しかし濱田岳さんの演技もすごいと思うのです。見ていても序盤の吉本くんと終盤の吉本くんの雰囲気は違うんですもんな。役者さんってすごい、改めてそう思いました。

 

旅の途中には色んな人との出会いがあって、それらの大半が一期一会なんだと思うとジーンと来るものもあるのです。でもそれも旅の醍醐味だよなあ…。普通に生きてたら会うことがなかった人、もう二度と会うことがない人と一瞬だけ人生を共にするって。

コミカルだったり、腹が立ったり、いい人だったり…種々様々な人と旅の中で出会うってこれもまたロードムービーの醍醐味。

 

さて、最後に。

吉本くんが日本一周をしたのは3~4ヶ月ほど。

30年以上生きてきた人間が、日本一周をするだけで簡単に人生観が変わるのか。自分はそんな簡単に人って変わらないと思います。じゃあ劇的に変わらないのだとしても、なにか変化はあるんじゃないか、それは間違いなくイエスだと思います。

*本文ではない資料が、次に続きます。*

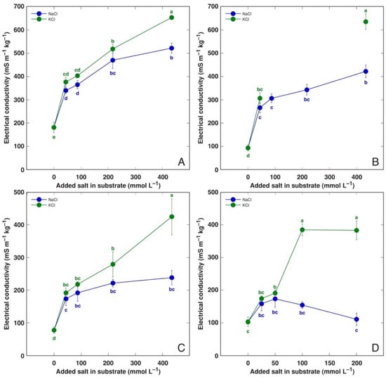 Effect of treatment with different doses of NaCl and KCl on electrical conductivity in leaf extracts of Beta vulgaris subsp. vulgaris var. cicla (old leaf blades; (A)), Beta vulgaris subsp. maritima (old leaf blades; (B)), Cochlearia officinalis (leaf blades; (C)) and Mentha aquatica (leaves; (D)) plants. Different letters indicate statistically significant (p < 0.05) differences between treatments.

旅って、そういうこともある。間違いなくすべての旅がそうだとは言ってませんよ。でもその人の人生観に、わずかばかりでも影響を与える旅ってのはあるんですよ。そういう少しの変化っていうものを丁寧に描いている作品だなと思うので、自分はこのドラマ好きですね。

 

プライム会員だと見られますので、暇な方はいかがでしょう。

旅好きの方なら刺さることもあるかもしれません。